Not bearish on banks
But my point today is, I don’t expect the 5.00% fully franked prospective yield to be bid down any further. Cash rates at 2.50% (with upside risks) and grossed up major bank yields at 7.14% (5.00%ff) suggests an equity yield risk premium of under 5.00% versus cash and I would be very surprised if that got bid down any further from here.
Now I don’t want anyone reading these notes to think “Aitken has gone bearish on banks”. Far from it: what I am doing today is toning down our top down 2.5-year sector bullishness to a more neutral stance. I broadly think, in the true sense, the Australian banking sector is now a “hold” rather than the outright “buy” we have recommended for that entire period. I expect banks to track their physical dividend growth from here, not outpace it. This is particularly so as cash rates eventually rise.
At these share price levels and considering what large parts of portfolios banks have become, I simply believe I don’t need to commit more fresh money to the sector or even reinvest dividends.
I don’t want to sell the banks. I just don’t think we need more of them up here. I am happy to collect the dividend streams, but I tend to want to reinvest those dividend streams elsewhere in multi-year financial laggards (IAG, AMP, CPU, CGF etc.), Telstra (5.65% fully franked), Woolworths (WOW) or even park a bit of it back in the bank in the form of cash and wait for better value to emerge over the next few months.

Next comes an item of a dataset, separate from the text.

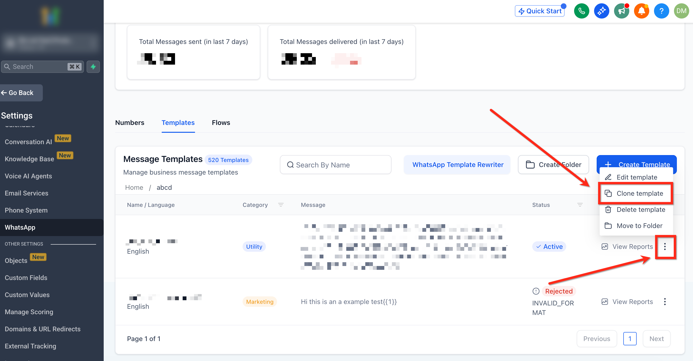 Important: When cloning a WhatsApp template, all variables, buttons, and formatting are retained
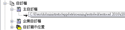 - 在「Windows 檔案總管」或「檔案總管」中,導覽至<磁碟機>:\Users\<使用者設定檔名稱>\AppData\Roaming\Autodesk\<產品名稱>\<版本號碼>\<語言>\support\<自訂檔名稱>.cuix。

No doubt, however, for faster tactical money, there might be a quick downside trade in Australian banks once they are ex-dividend. This is particularly so if that ex-dividend period coincides with a broader period of weakness in global equity indices. Australian banks do tend to be a little friendless ex-dividend/ex-franking credits and particularly so if they are not neutralising their DRPs on market. Note the Bank of Queensland (BOQ) example recently ex-dividend.

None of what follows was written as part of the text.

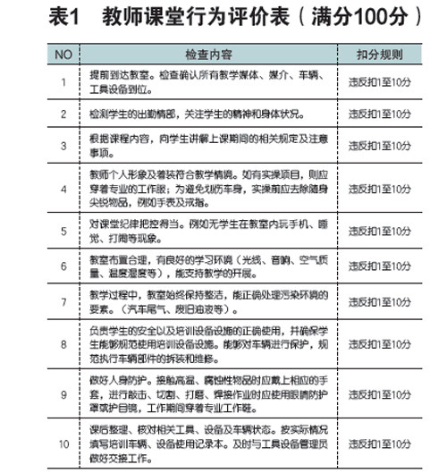 摘 要:建立科学、合理的课堂教学能力评价体系和运行制度,能够激发教师改进教学的积极性,持续优化课堂教学质量。本文分析了高职学校专业课课堂教学评价的现状与问题,基于在校企合作项目中对教师的评价反馈的模式和实践经验,以汽修专业为例对课堂教学能力评价形式及评价内容的优化进行了探索。 关键词:校企合作 教学能力评价 汽修专业 教育部《关于深化职业教育教学改革全面提高人才培养质量的若干意见》中明确提出:

Nobody has been more consistently bullish Australian banks over the last few years than us, both top down and bottom up. What I am doing today, top down, is simply “stepping off the gas” in the sector a notch to reflect the P/E, PEG price to book and dividend yield re-rating we have been on the right side of. That has all played out how we forecast, but as I mention above, about six months AHEAD of when we forecast.
To me, the major Australian banks are now more accurately described as “fair value” for what we know today and on that basis I am downgrading our top down view of the sector to neutral for the first time in 2.5 years.
Below is the ASX Bank Accumulation Index (XFJ) just to remind you where we have come from/ to over the last 2.5 years.
Go Australia, Charlie
Important: This content has been prepared without taking account of the objectives, financial situation or needs of any particular individual. It does not constitute formal advice. Consider the appropriateness of the information in regards to your circumstances.